Fourth, reform through automation, will enhance the efficiency and tracking of legitimate fiscal income due to the States using a “one-stop-shop” user interface model that is accessible to the State and taxpayers/land user. Fifth, juxtaposing intelligent reform, innovation and digital enhancement of land use, will further enhance each State’s capacity to maximise its unique internally generated revenue objectives thereby reducing the necessity to go cap in hand to the federal government for financial bail outs and handouts – which are not sustainable in the long term given the country’s disproportionately high debt burdens: N44.06 trillion as at q3 2022.
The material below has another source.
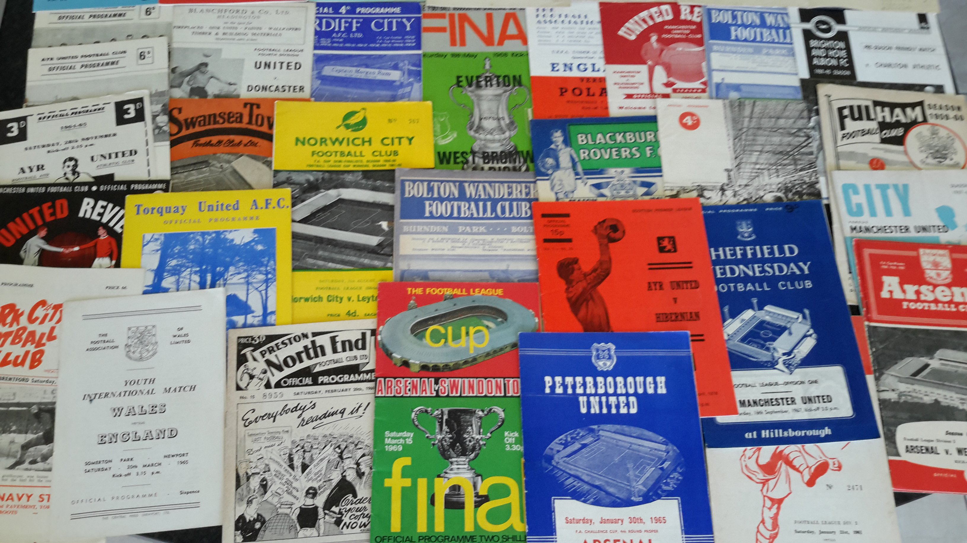 Football Programme Box: League, FA Cup, Friendlies, Testimonials, Cup Finals etc. Wide range of clubs and worth a look. (est 225)

To conclude, the powers conferred upon the Governor regarding land use and consent – across the 36 States of the Federation and the Federal Capital Territory – are disproportionately high and ought to be streamlined. The economic logic therein is faultless too. Because if the land use regime in the richest G7 Countries (USA, UK, Canada, Japan, Italy, France and Germany) is adaptable, fit for purpose, commensurate with the evolving dynamics of demographic and socio-economic change, and used to catalyse growth and productivity why can’t Nigeria take a cue from that? For example, the onerous restrictions and stifling red-tape around private land ownership in Nigeria are absent in the USA where land assets are frequently utilised to access capital and catalyse growth.

Patently therefore, the recommendations are: (1) to reform a mechanistic land use model which is unfit for purpose; (2) to engage federal and state legislators, law reform commissioners, erudite scholars and practitioners traversing relevant professions; and (3) for political leaders to engage with, and prioritize this issue, within the first 100 days of being sworn in post the imminent 2023 elections. Action, not inaction, is what is required to unleash the potential of Nigeria’s landed assets to help catalyse economic growth.

Ojumu is Principal Partner at Balliol Myers LP, a firm of legal practitioners in Lagos, Nigeria.